* _PROVIDED RECORDS_:
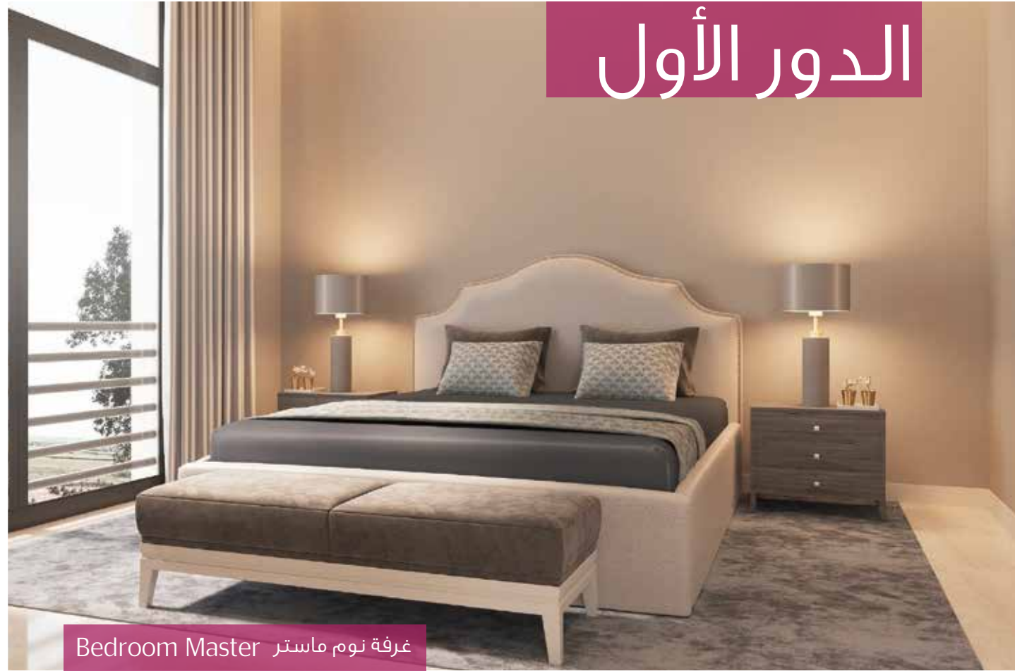
Bedroom Master غرفة نوم ماستر
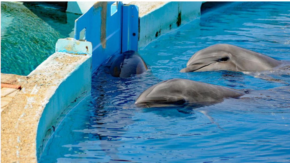
Drei im türkischen Delfinarium Sealanya gefangene Große Tümmeler, Foto: Andrea Steffen

Mit das Schlimmste, was man einem Delfin oder Wal antun kann, ist die Bejahung seiner Gefangenschaft durch den Besuch eines Delfinariums. Diese Form des Whale Watchings ist aufgrund der massiven Auswirkungen auf die Tiere zu verurteilen. Man stelle sich vor: Nach US-Standard betragen die Mindestmaße für ein Becken im Delfinarium 9 m Länge und 1,80 m Tiefe 25 . In Freiheit können Delfine am Tag Strecken von bis zu 100 km zurücklegen und dabei in Tiefen von bis zu 600 m vorstoßen! Die noch deutlich größeren und bis zu 8 m langen Orcas können sogar Tagesetappen von 160 km bewältigen. Weitere Arten, die in Gefangenschaft gehalten werden, sind Belugas und Schweinswale.
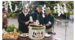
▲鏡割り(餅つき大会)
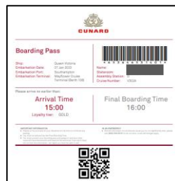
乗船券パスイメージ

ダウンロードした「乗船券」は印刷し、乗船日当日、パスポートと一緒にターミナルにご持参いただくか、ダウンロードしたスマートフォン等の端末を忘れずにご持参ください。「荷物タグ」は印刷し、折り目にそって折り畳み、ターミナルでお預けされるお荷物にホチキスで取り付けてください。
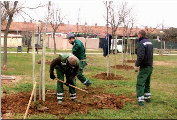
Operarios del Ayuntamiento plantando algunos de los nuevos ejemplares en el parque

El Ayuntamiento sustituye los almendros secos o enfermos por ejemplares de otras especies
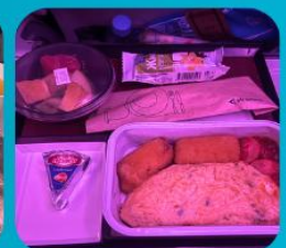
บริการอาหารร้อน ทั้งขาไป และ ขากลับ
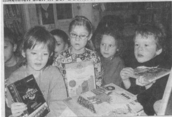
Aufmerksame Bibfit-Kinder wissen, wo sie Bücher bekommen.

Ganz stolz trugen in den letzten Wochen die Erbacher Kindergartenkinder einen Rucksack, auf dem „Ich bin Bibfit“ stand. Sie kamen gerade mit ihrer Kindergartengruppe aus der Katholischen Öffentlichen Bücherei St. Sophia. Bei ihrem Besuch lernten die Kinder aussuchen und ausleihen, vorlesen und zuhören, erzählen und wissen und natürlich was in der Bücherei an welcher Stelle zu finden ist. Zum Abschluss erhielten sie den Rucksack und den „Bibliotheksführerschein“, mit dem bestätigt wird, daß sie die Bücherei kennen gelernt haben und sie selbständig nutzen können.
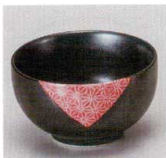
118-2-194 黒マットピンク麻の葉丸小付 580円 7.1×4.1cm 11132191
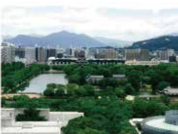
30 NTTクレド基町ビルから見た広島城
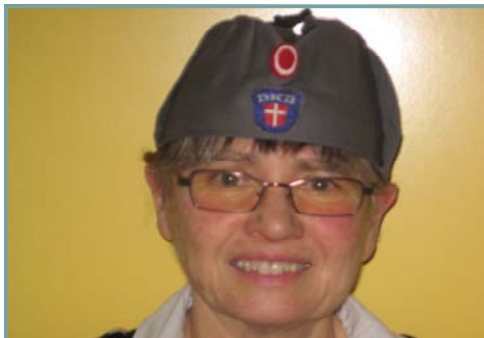
Gurli anno 2009 med DKB hue.

Så kom freden. Næste morgen blev jeg af borgmester Thøgersen anmodet om
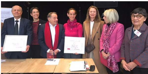
Le 11 mars à Châteauroux

Elles aussi 45 est toujours membre du groupe d'associations Forum des droits humains d'Orléans .
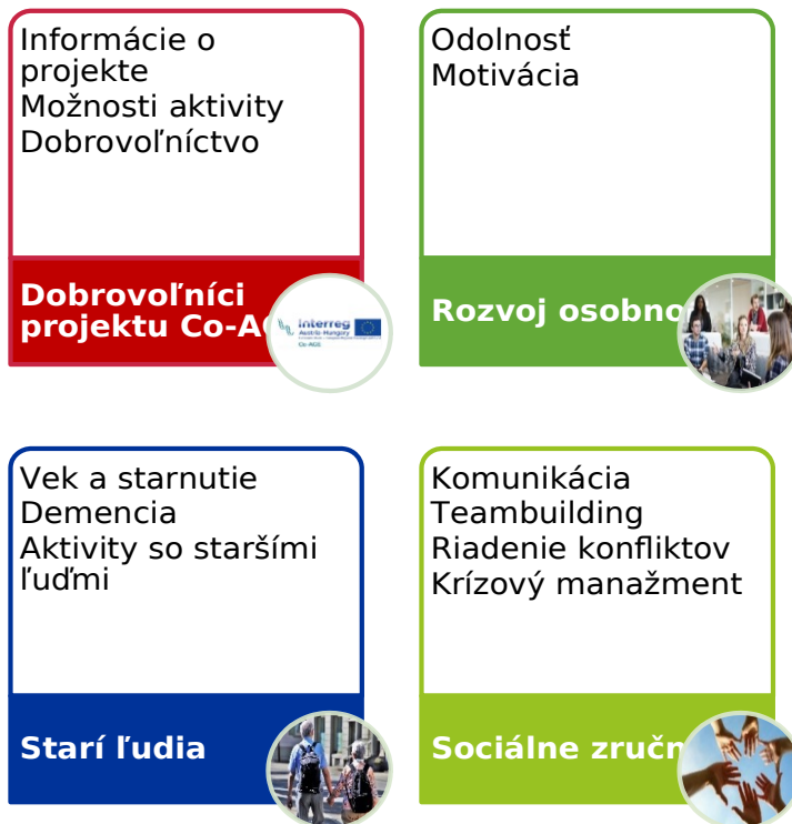
Obrázok 3: Prehľad modulu
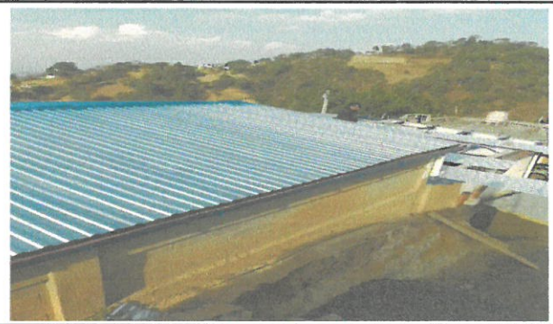
Vista de techo en proceso de cambio
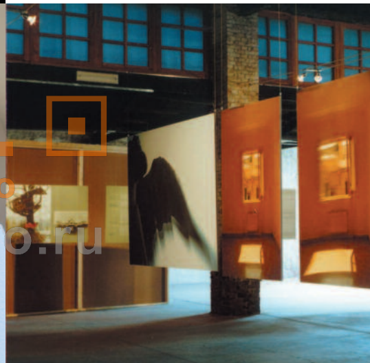
EOS EVENT - LA CASA DELL'ANGELO [MILANO]

El potencial de Metal Spot se completa con la posibilidad de desarrollar con la máxima flexibilidad productos modificados a partir de nuestros estándares o realizados completamente a medida, para afrontar las exigencias del sector Contract.
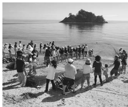
小学生交流の高松市訪問の様子

市が発足する前の平成13年当時、全国で2つだけ「国分寺」を冠する町があった縁で、交流が始まりました。
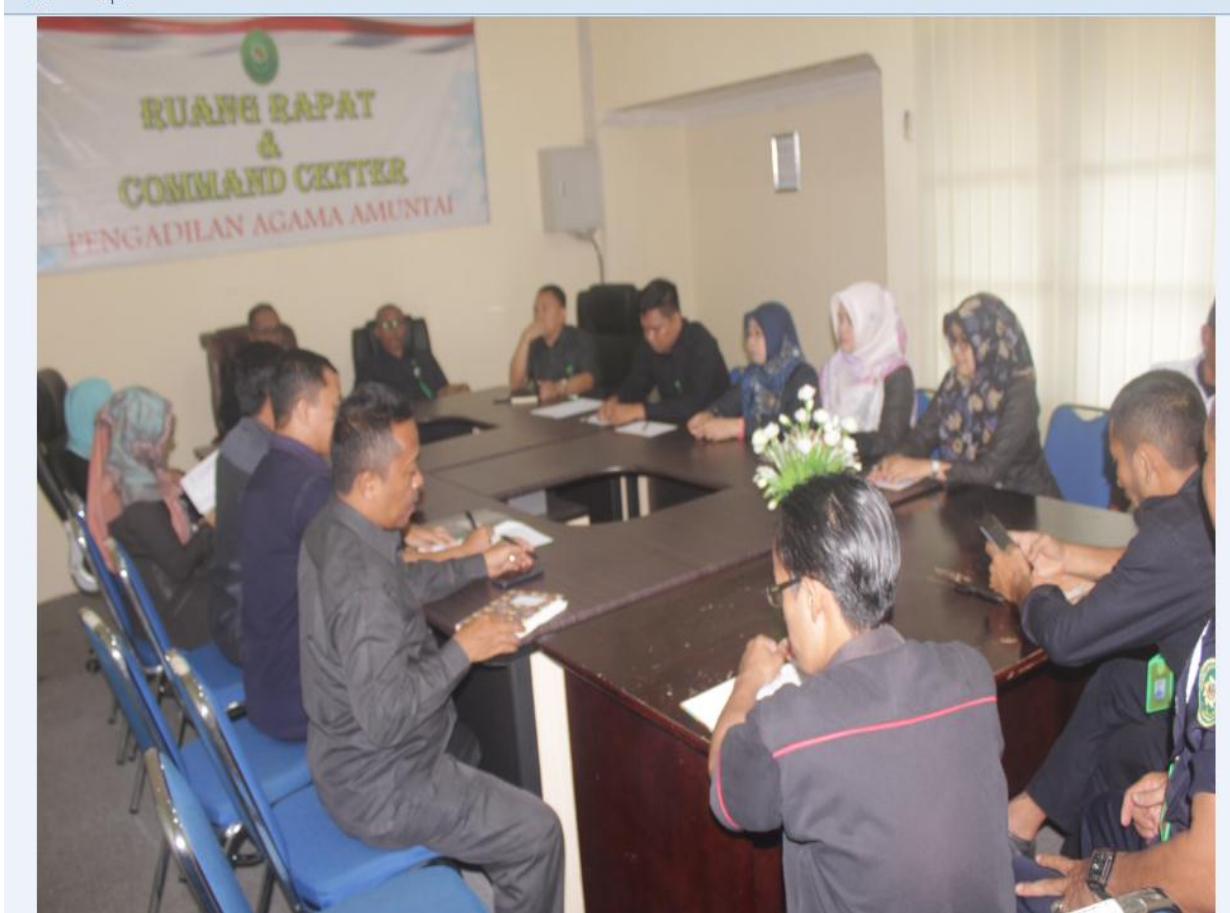
FOTO RAPAT MONEV KEBIJAKAN LAYANAN INFORMASI
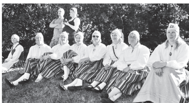
Küll olli ää, ku istma sai!
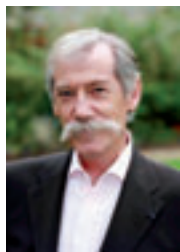
Maire de Montgeron Vice-président du Conseil général de l'Essonne

Bonne saison à chacune et à chacun d'entre vous,
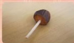
製作簡易的荔枝核陀螺

我問爸爸小時候有甚麼玩，他說吃完荔枝後，會把荔枝核洗淨切半，再在核的中央插入半枝牙籤，便成了一個簡單的陀螺。以前家裡沒甚麼玩具，自製陀螺也很普遍。下次吃完荔枝和小朋友一起比賽誰的可陀螺可以轉得最久吧！
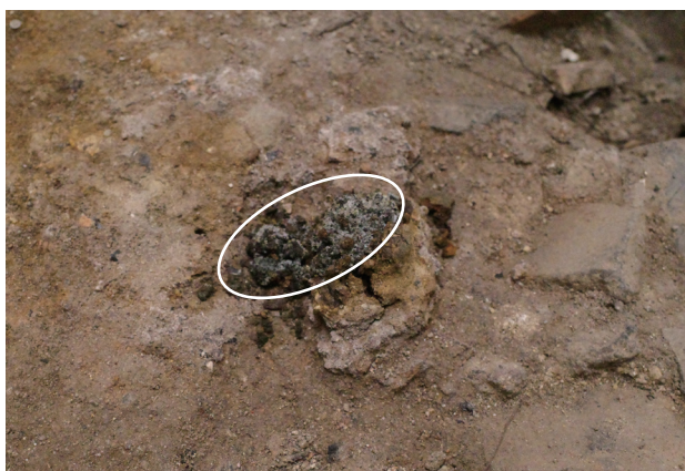
2023/5/16 丸印の部分で、塩が析出か。表層の割れと ともに下層部分が表出。
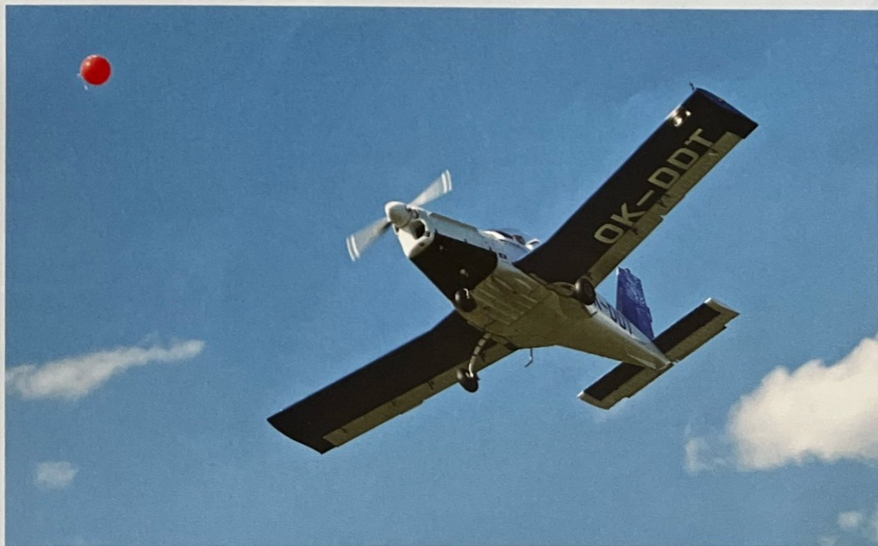
• Srážení balonků je sice divácky velmi atraktivní, ale pro piloty nijak jednoduchá disciplína

* _WHAT YOU WILL DO_: All that should appear in the answer is the lines above from the line with "Gurli anno 2009 med DKB hue." through the line with "EOS EVENT - LA CASA DELL'ANGELO [MILANO]", retyped exactly, pictures left out.

* _SOLUTION FOR THIS PROBLEM_:
Gurli anno 2009 med DKB hue.

Så kom freden. Næste morgen blev jeg af borgmester Thøgersen anmodet om
Le 11 mars à Châteauroux

Elles aussi 45 est toujours membre du groupe d'associations Forum des droits humains d'Orléans .
Obrázok 3: Prehľad modulu
Vista de techo en proceso de cambio
EOS EVENT - LA CASA DELL'ANGELO [MILANO]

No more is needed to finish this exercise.